Para usar uma palavra da moda, abjeta como todas as palavras da moda, Bolsonaro é... disruptivo. E, no entanto, paradoxalmente ele nada mais é do que produto da nossa democracia. Não é um dos preceitos da democracia a ascensão do “homem simples” ao topo da hierarquia? E, no entanto, por que é que quando isso acontece nos sentimos incomodados? Será que, no fundo, não temos ojeriza a esse povo ao qual a democracia confere a esperança de, um dia, agir como rei?

Se temos ou não razão nessa ojeriza é outra discussão – uma discussão que expõe inclusive nossas preferências estéticas diante de um mundo cada vez mais vulgar (palavra que uso aqui no sentido de “popular”). Sim, Bolsonaro é um presidente simplório. E vai da formação de cada um considerá-lo tosco e rude ou espontâneo e, digamos, simbólico de um Brasil para o qual insistimos em virar os olhos.

Confesso que não tenho uma resposta para esse “dilema”. Há dias em que Bolsonaro me surpreende positivamente, como quando da divulgação da carta que, ao menos temporariamente (e teoricamente), pôs fim à tensão com o Judiciário. Em outros momentos, sinto um nojinho e uma vergonha que rapidamente se transformam em indignação. Mas acredito que essas reações falem mais de mim do que daquele homem.

O escândalo da pizza

Veja, por exemplo, a foto que circulou à farta, na qual Bolsonaro & assessores aparecem comendo pizza numa calçada qualquer de Nova York. Ao ver a imagem, minha primeira reação foi apelar ao menino que nas aulas de OSPB aprendeu a respeitar o Sarney. O Sarney! Aquilo parecia indigno de um país tropical abençoado por Deus e bonito por natureza. Imagine o que Lotay Tshering, primeiro-ministro do Butão, pensaria do nosso país ao ver aquela imagem.

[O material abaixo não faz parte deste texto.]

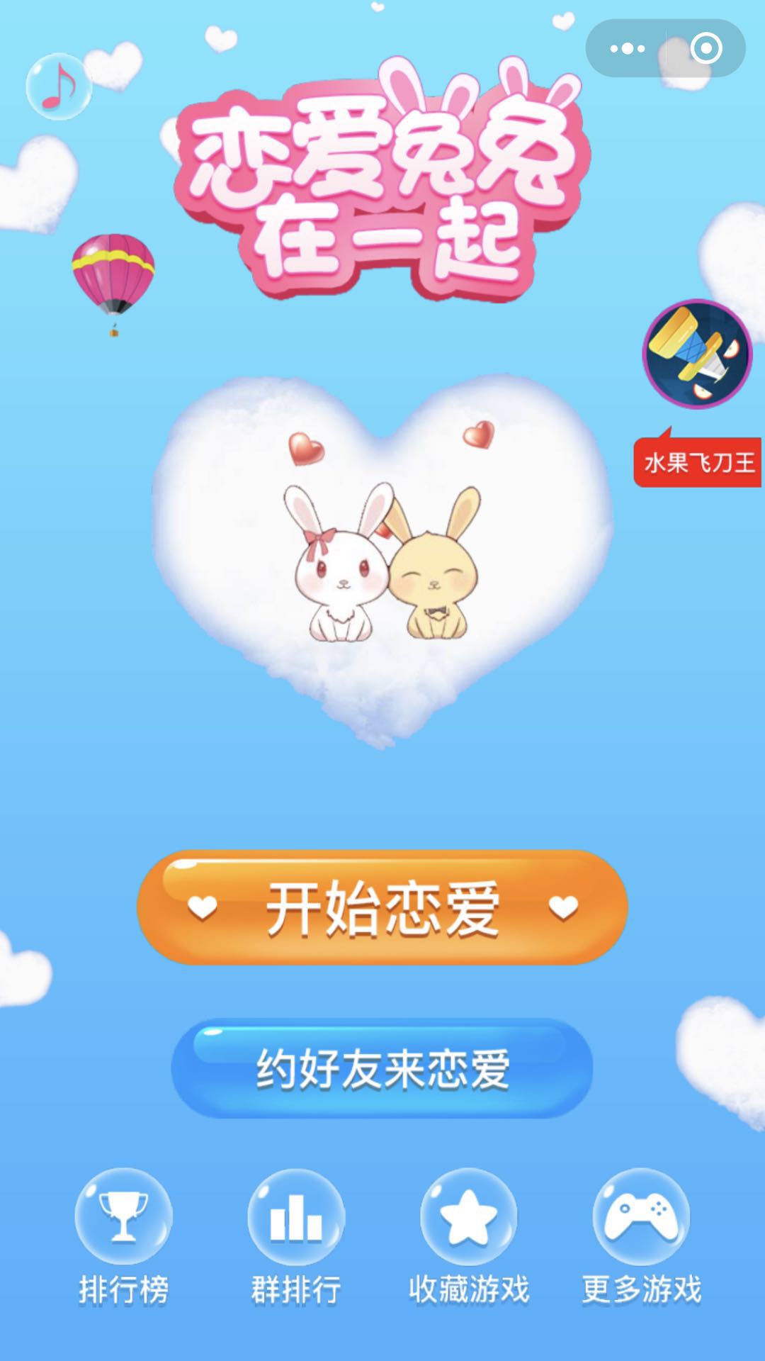 恋爱兔兔在一起微信小游戏由恋爱兔兔在一起团队开发,并于2018-08-24 11:31:51发布于小程序游戏盒子 2177.cn
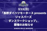 3/15(日)「長野ダイハツモータース presents ジャスパーズ ダンスワークショップ」開催のお知らせ
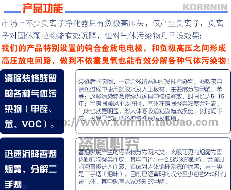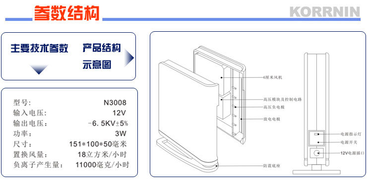 1.柯瑞林N3008负离子空气净化器是靠高压负离子来净化空气的,无任何耗材更换,使用起来更省心。
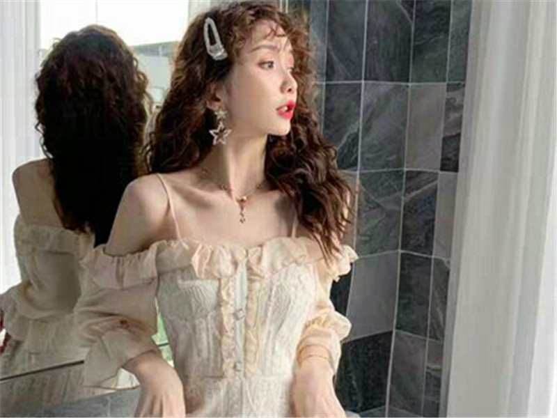 这款一字领的蕾丝裙,是法式复古的风格,荷叶边的设计,非常的凸显整个人的气质。 时尚的下摆美观大方,能够凸显出纤细的小腿。这是一款带有仙气的裙子,无论是逛街还是旅行都非常的百搭哦。
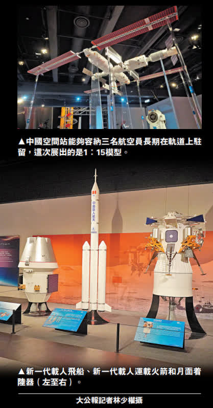 航天員如何飛上太空做科研?返回地面要乘坐什麼?一連兩個月的「中國載人航天工程展」將會展出近30組有關中國航天的展品,包括神舟飛船返回艙、艙內航天服、中國空間站模型,還有多支火箭的模型如長征二號F、長征七號、長征五號B運載火箭,以及新一代載人飛船及月面着陸器模型等。
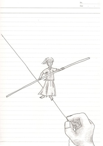 青少年或許會認為,他們才是走在鋼索上的人,他們看不清未來的路,他們只好憑著感覺、衝動、勇氣,一步一步走向人生鋼索的下一步。那捏住鋼索另一頭的人,或許是他們的朋友,或許是他們的父母,或許是隔代教養的祖父母,或許是學校的師長,或許是偶遇的某個貴人。他們必須相信這些人,絕對不會輕易放手,因為在鋼索上,間不容髮,懷疑沒有絲毫的空間。
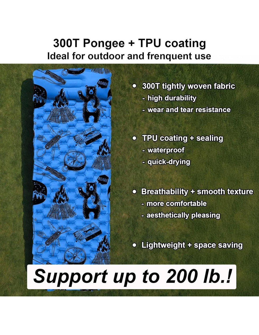 - Bomba de pie incorporada. ¡Nuestra bomba de pie incorporada hace que inflar esta colchoneta para niños sea muy fácil! Simplemente pise la bomba y la colchoneta se infla completamente en segundos. ¡No más preocupaciones sobre si su hijo tiene dificultades para inflarla con la boca o necesita una bomba de aire!

Aos poucos, porém, a indignação e vergonha instintivas deram lugar a algo remotamente parecido com a razão. Até amanhã (ou depois de amanhã) a foto terá sido soterrada por um zilhão de imagens mais impactantes ou relevantes. Na semana que vem, Bolsonaro terá substituído essa gafe (se é que você considera uma gafe) por outra. Ao fim do mês, a imagem terá perdido qualquer sentido para além do anedótico. E daqui a uma década, com sorte, a imagem figurará numa notinha de rodapé de uma hagiografia bolsonarista ou de um panfleto antibolsonarista.

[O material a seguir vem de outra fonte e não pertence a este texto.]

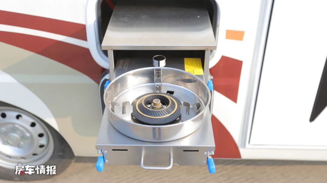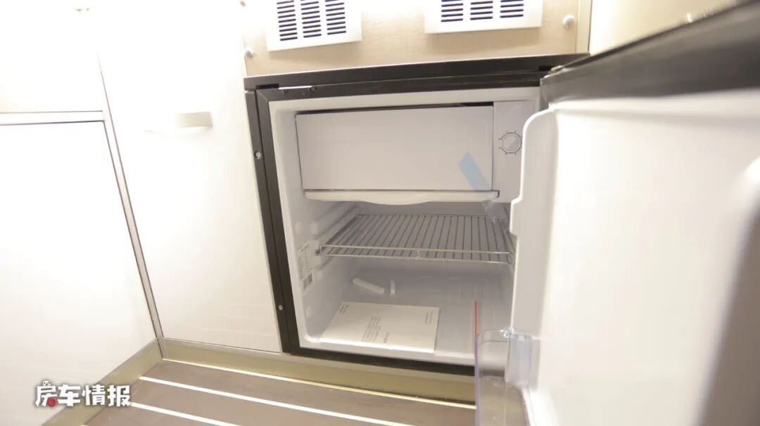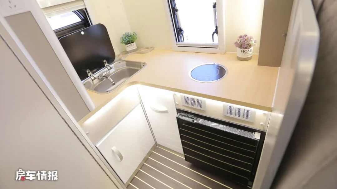 而全车的厨房区是位于车厢最尾处,采用L型吧台式的设计,整体的面积还是比较可观的,台面上配置了基础的电磁炉以及翻盖的大尺寸水槽,可以满足日常的基础烹饪需求。下方则嵌入了一台50L的车载冰箱,顶部还提供了多个储物吊柜,可以满足平时储物的需求。

A vergonha, então, se dissipa totalmente quando me dou conta (e não precisa ser muito brilhante para isso) de que aquela imagem, assim como a imensa maioria das gafes presidenciais aqui e no mundo, não tem qualquer consequência na minha vida. Sigo aqui, trabalhando e tentando escrever da melhor forma possível, cuidando das pessoas que amo, lendo meus livrinhos, vendo uns filminhos, reclamando do calor e do preço da carne e acordando com uns tapas da Catota exigindo ração especial.

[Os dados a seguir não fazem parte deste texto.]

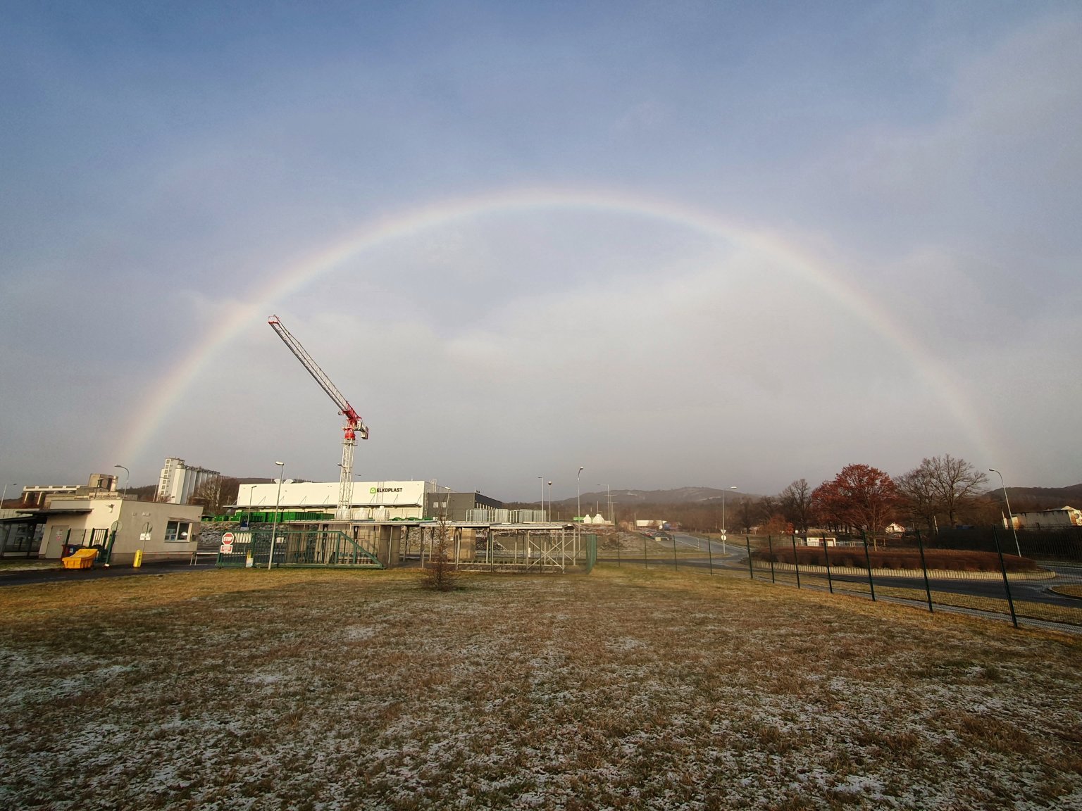 Drobně sněží, oblačnost 100%, tlak 1011,11hPa→, poc.teplota -5,41°C, tepl.ros.bodu -0,81°C, rel.vlhkost 90,9%, abs.vlhkost 4,55g/m3, dosti čerstvý SZ vítr 326° 6,51m/s(4 Bft), včerejší průměrná teplota 1,77°C, délka dne 09:28:01, sluneční záření 19W/m2.
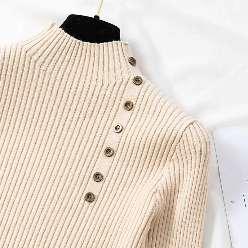سترات نسائية محبوكة بياقة مدورة لخريف 2025 من القطن المحبوك الصلب بلوفرات ضيقة مرنة بأزرار وأكمام كاملة
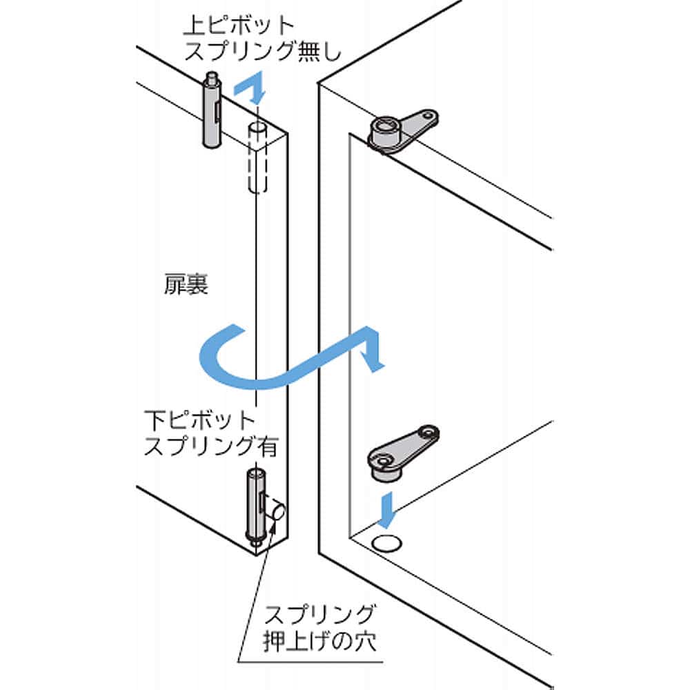 ●下ピボットはスプリング式で、扉の取り付けが簡単です。
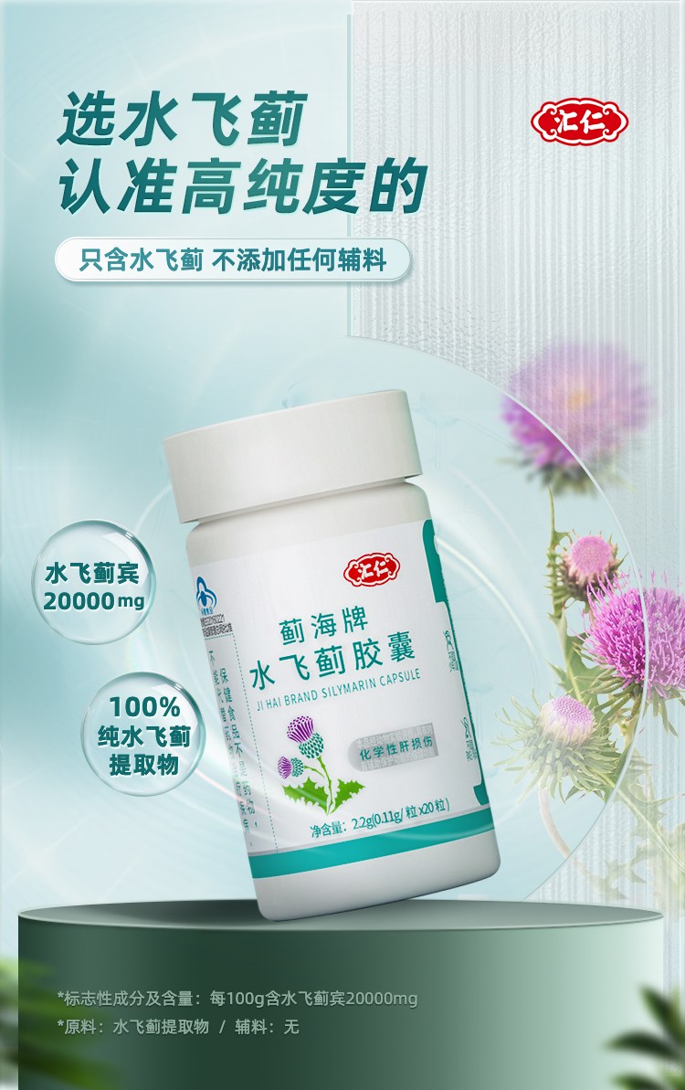 汇仁蓟海牌水飞蓟胶囊护肝片2.2g(0. 11g *20粒)*3瓶
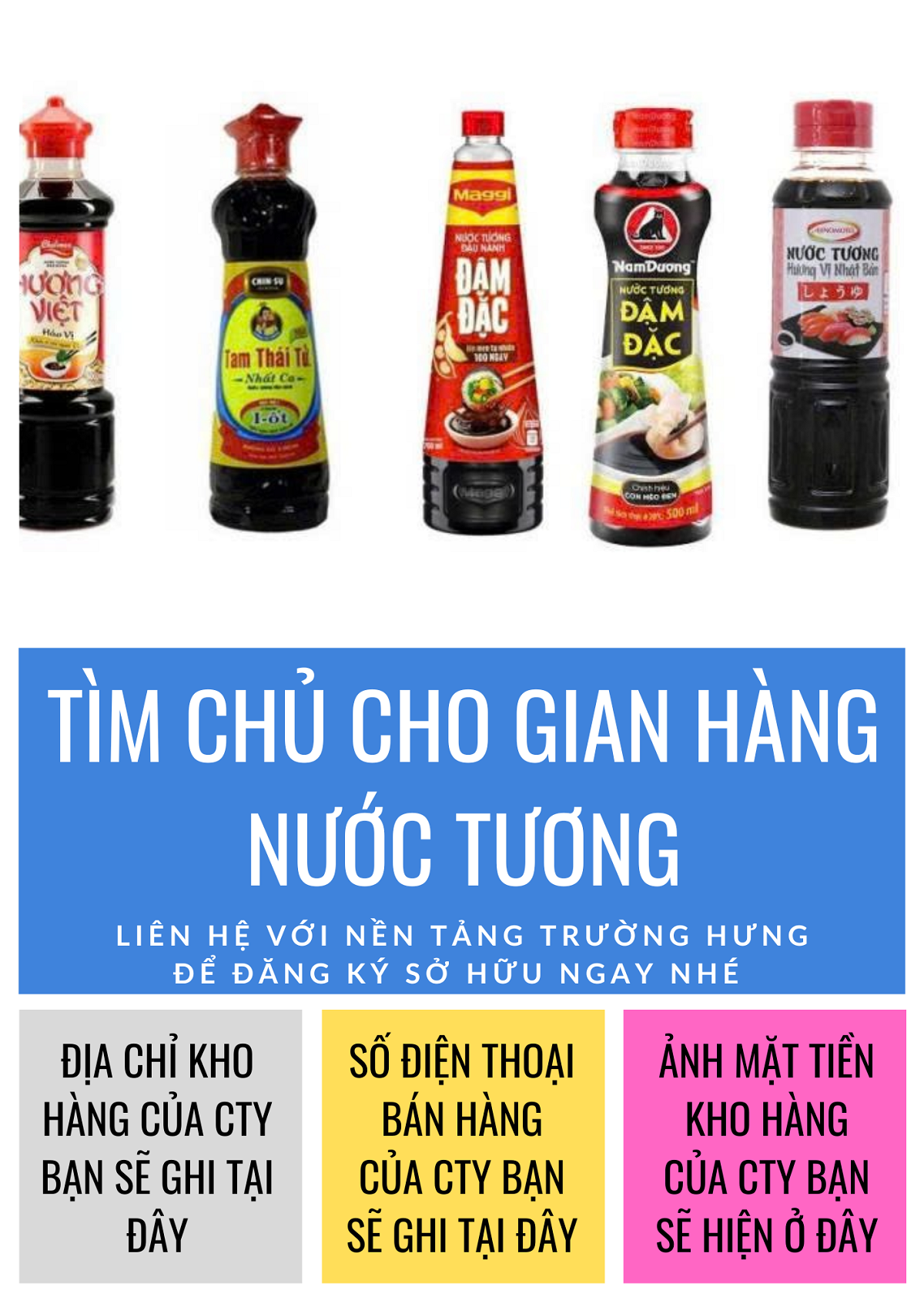 Nền tảng Trường Hưng cần tìm chủ cho gian hàng nước tương (chinsu, tam thái tử, hương việt, maggi, phú sĩ, nam dương, đại tiết kiệm, đặc đài loan, haday, tamari,...)

E, no caso dessa imagem específica, me dou conta de que ela não tem nenhuma consequência para vida do país. Afinal, apesar da opção (a meu ver, questionável) de Bolsonaro por não se vacinar, o Brasil segue vacinando quem deseja – e até quem não deseja. E o Congresso legislando. E o STF continua fazendo o que quer que o STF faça. E há seca onde há seca e chove onde chove. E, se o país não é melhor, tampouco é pior porque o Chefe de Estado comeu pizza de pé numa rua de Nova York.

Necessidade de aceitação

Do final das contas, deduzo que, se esse “escândalo” (mais um!) serve para alguma coisa, é para revelar a minha própria afetação. Uma afetação que, desconfio, nasce mais da necessidade natural de ser aceito ou, no mínimo, de não ser mal interpretado. Mas repare que ambas as necessidades pressupõem uma ação externa de aceitação e de interpretação sobre a qual não temos nenhum controle.

Essa afetação não tem nada a ver com as opções políticas e morais de um homem que, pelo menos até o fim de 2022, ocupará o Palácio do Planalto. Tampouco tem a ver com as opções políticas e morais de quem o considera mito ou opiorpresidentedahistória. Transferir minhas carências afetivas para um sujeito que não conheço, portanto, seria sintoma de uma insanidade viral para a qual não há Coronavac que dê jeito.

E hoje, só por hoje (mas espero que amanhã e depois de amanhã também), vou optar por me manter são, atendo-me ao que há de real e consequente na vida. E não ao que faz ou diz ou ameaça ou desiste o bode expiatório de uns e salvador de outros.